%%

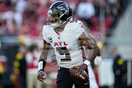 Atlanta Falcons quarterback Michael Penix Jr. speaks to reporters after an NFL football game against the San Francisco 49ers, Sunday, Oct. 19, 2025, in Santa Clara, Calif. (AP Photo/Kelley L Cox)
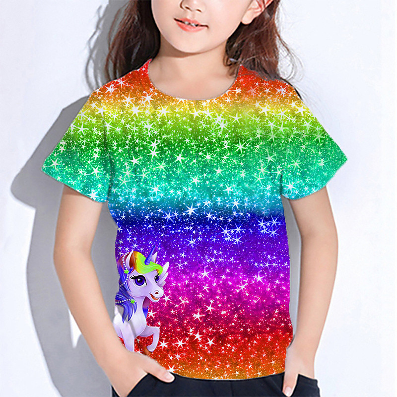 Girls' 3D Graphic Unicorn T shirt Tee Short Sleeve Summer Spring Fashion Basic Kids 4-12 Years Crew Neck Outdoor Casual Daily Regular Fit
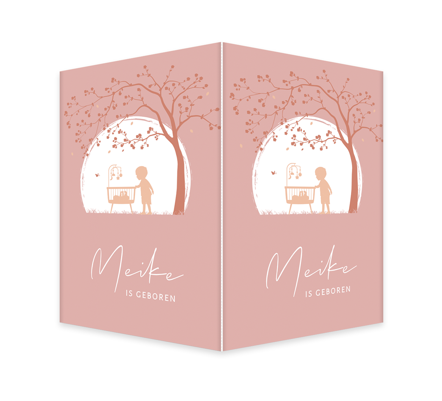 Bijpassend roze dubbel raambord om aan te kondigen dat er een zusje is geboren, lief toch?! Onder de boom in een landschap staat het silhouet van een kindje dat naar het zusje kijkt. Het makelaarsbord kan gemakkelijk bewerkt worden in onze online editor. Je maakt één zijde op in de editor en dit wordt vervolgens op twee zijdes gedrukt.
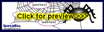 A simple teacher-controlled PowerPoint presentation where children are presented with a fun spider character and web together with words related to a writing topic.
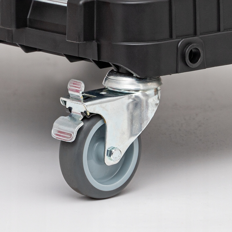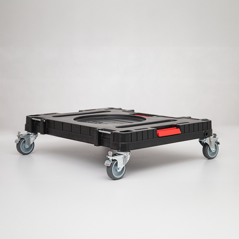 Транспортна платформа забезпечує комфортне маневрування рівною поверхнею завдяки 4 поворотним колесам, кожне з яких має гальмо. Має 3 поліамідні роз'єми для підключення до ОДНОГО системного модуля і зручну сходинку ззаду для маневрування. Платформа оснащена місцем для ковша та 4 кронштейнів для кріплення. Виготовлений з армованого пластику, витримує максимальне навантаження 120 кг.
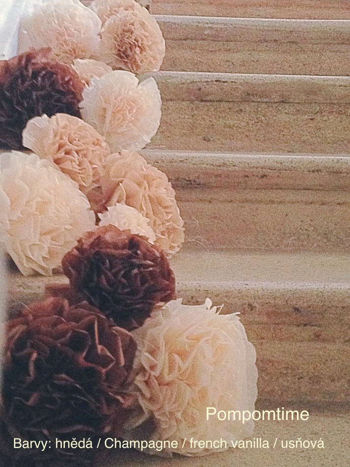 Dekorace schodiště - pompomky různých velikostí v barvách: Champagne, French Vanilla, usňová, hnědá
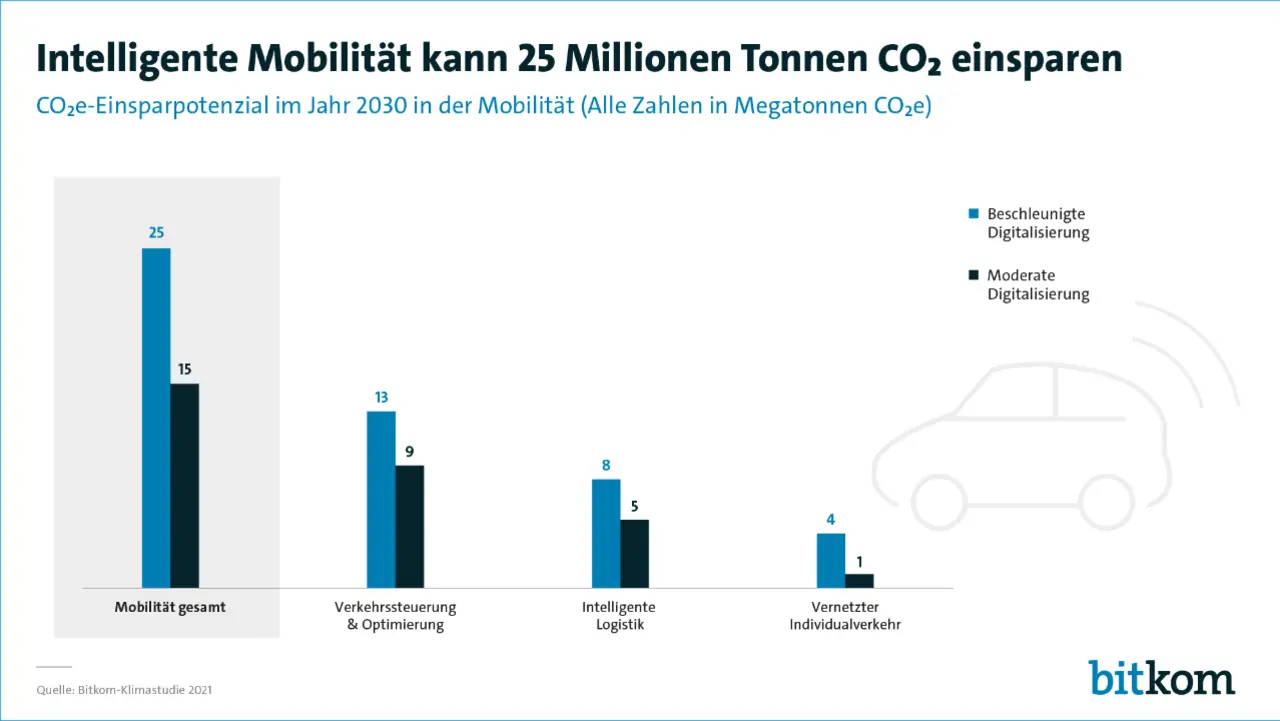 Allein in der Mobilität kann Deutschland bis 2030 mit beschleunigter Digitalisierung sieben Prozent der insgesamt geplanten CO2-Einsparung erreichen, so das Ergebnis der Bitkom-Studie »Klimaeffekte der Digitalisierung«. Untersucht wurde dabei das CO2-Einsparpotenzial verschiedener digitaler Technologien in sieben unterschiedlichen Bereichen: Fertigung, Mobilität, Energie, Gebäude, Arbeit und Business, Landwirtschaft und Gesundheit. Die Studie berücksichtigte dabei auch den eigenen CO2-Fußabdruck der Digitalisierung.
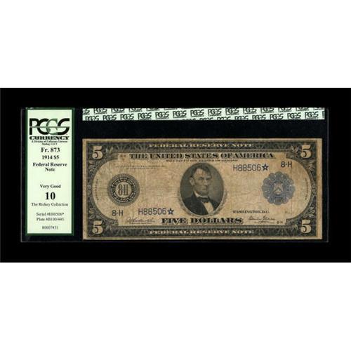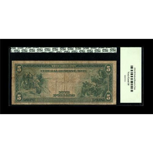 <B>Fr. 873 $5 1914 Federal Reserve Star Note PCGS Very Good 10.</B></I> This is one of fewer than ten star notes known for this St. Louis district number. It's a decent piece which shows plenty of circulation but has no serious defects.<BR><BR><b>Shipping:</b> Coins & Currency (<a target="_blank" href="http://www.heritageauctions.com/common/shipping.php">view shipping information</a>)
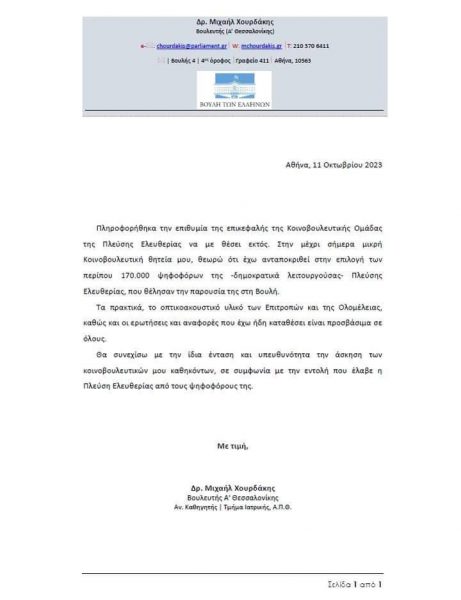 «Με την παρούσα δήλωση σας ενημερώνουμε ότι ο κ. Μιχάλης Χουρδάκης τίθεται εκτός της Κοινοβουλευτικής Ομάδας της Πλεύσης Ελευθέριας έως ότου παραδώσει την έδρα της Πλεύσης Ελευθερίας που κατέχει, εντός της τρέχουσας εβδομάδας, όπως του έχει ζητηθεί και συμφωνηθεί. Οι λόγοι αφορούν την εύρυθμη, ομαλή και απρόσκοπτη λειτουργία της Κοινοβουλευτικής Ομάδας της Πλεύσης Ελευθερίας στο πολύ βαρύ έργο που αυτή έχει επωμιστεί και συνεχίζει να επιτελεί στο Ελληνικό Κοινοβούλιο. Του ευχόμαστε καλή επιτυχία στη συνέχεια της σταδιοδρομίας του».
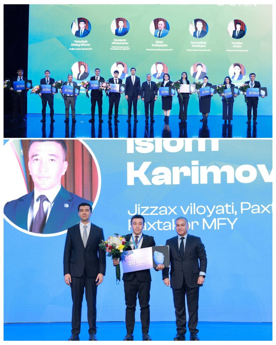 “Йилнинг энг намунали маҳалла ёшлар етакчиси” танловининг республика босқичи бўлиб ўтди. Бўстонлиқ туманида ўтказилган танловда мамлакатимизнинг турли ҳудудларидан ташриф буюрган фаол ёшлар етакчилари ўз фаолияти давомида амалга оширган ишлар, илғор тажрибалар ва ташаббусларини намойиш этишди. Бугун пойтахтдаги Ёшлар ижод саройида танлов ғолибларини тақдирлаш маросими ўтказилди. Унда Пахтакор туманидаги "Пахтакор" МФЙ ёшлар етакчиси Ислом Каримов фахрли 2-ўринга муносиб топилиб, ғолиблар сафидан жой олди. Каналимизга обуна бўлинг ва энг сўнгги янгиликларни кузатиб боринг Jizzaxnews |Тelegram | Facebook | Dzen | YouTubе
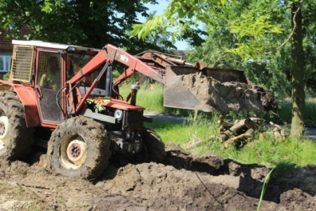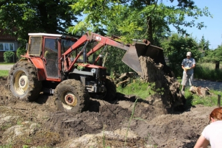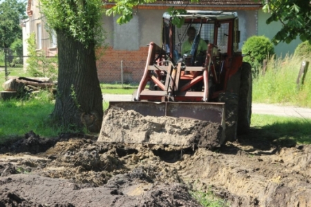 W sobotę, 7 czerwca 2014 roku ,kilkanaście osób, pod wodzą sołtysa wsi ,o godzinie 10-tej podjęło trud wykonania określonego zadania. Tym wyzwaniem były hałdy ziemi zalegające w miejscu obok świetlicy wiejskiej, gdzie wkrótce powstanie mały plac zabaw dla dzieci. Pracy było sporo, ale i zaangażowanie osób biorących udział przy pracach – godne podziwu ! Przy pomocy traktora wyposażonego w łychę spychową oraz ręcznego sprzętu typu łopaty i grabie - zasilanych siłą ludzkich mięśni, uporano się z hałdami ziemi. Teraz jeszcze potrzeba trochę czasu, aby ziemia się uleżała i za jakiś czas kolejny etap prac: montaż urządzeń do zabawy dla dzieci oraz wykonanie ogrodzenia miejsca.

%%

:: Requirement ::
The material above holds pictures; leave them out and set down exactly the lines from the line with "Dekorace schodiště - pompomky" to the line with "την παρούσα δήλωση", both included.

:: Solution below ::
 Dekorace schodiště - pompomky různých velikostí v barvách: Champagne, French Vanilla, usňová, hnědá
 Allein in der Mobilität kann Deutschland bis 2030 mit beschleunigter Digitalisierung sieben Prozent der insgesamt geplanten CO2-Einsparung erreichen, so das Ergebnis der Bitkom-Studie »Klimaeffekte der Digitalisierung«. Untersucht wurde dabei das CO2-Einsparpotenzial verschiedener digitaler Technologien in sieben unterschiedlichen Bereichen: Fertigung, Mobilität, Energie, Gebäude, Arbeit und Business, Landwirtschaft und Gesundheit. Die Studie berücksichtigte dabei auch den eigenen CO2-Fußabdruck der Digitalisierung.
 <B>Fr. 873 $5 1914 Federal Reserve Star Note PCGS Very Good 10.</B></I> This is one of fewer than ten star notes known for this St. Louis district number. It's a decent piece which shows plenty of circulation but has no serious defects.<BR><BR><b>Shipping:</b> Coins & Currency (<a target="_blank" href="http://www.heritageauctions.com/common/shipping.php">view shipping information</a>)
 «Με την παρούσα δήλωση σας ενημερώνουμε ότι ο κ. Μιχάλης Χουρδάκης τίθεται εκτός της Κοινοβουλευτικής Ομάδας της Πλεύσης Ελευθέριας έως ότου παραδώσει την έδρα της Πλεύσης Ελευθερίας που κατέχει, εντός της τρέχουσας εβδομάδας, όπως του έχει ζητηθεί και συμφωνηθεί. Οι λόγοι αφορούν την εύρυθμη, ομαλή και απρόσκοπτη λειτουργία της Κοινοβουλευτικής Ομάδας της Πλεύσης Ελευθερίας στο πολύ βαρύ έργο που αυτή έχει επωμιστεί και συνεχίζει να επιτελεί στο Ελληνικό Κοινοβούλιο. Του ευχόμαστε καλή επιτυχία στη συνέχεια της σταδιοδρομίας του».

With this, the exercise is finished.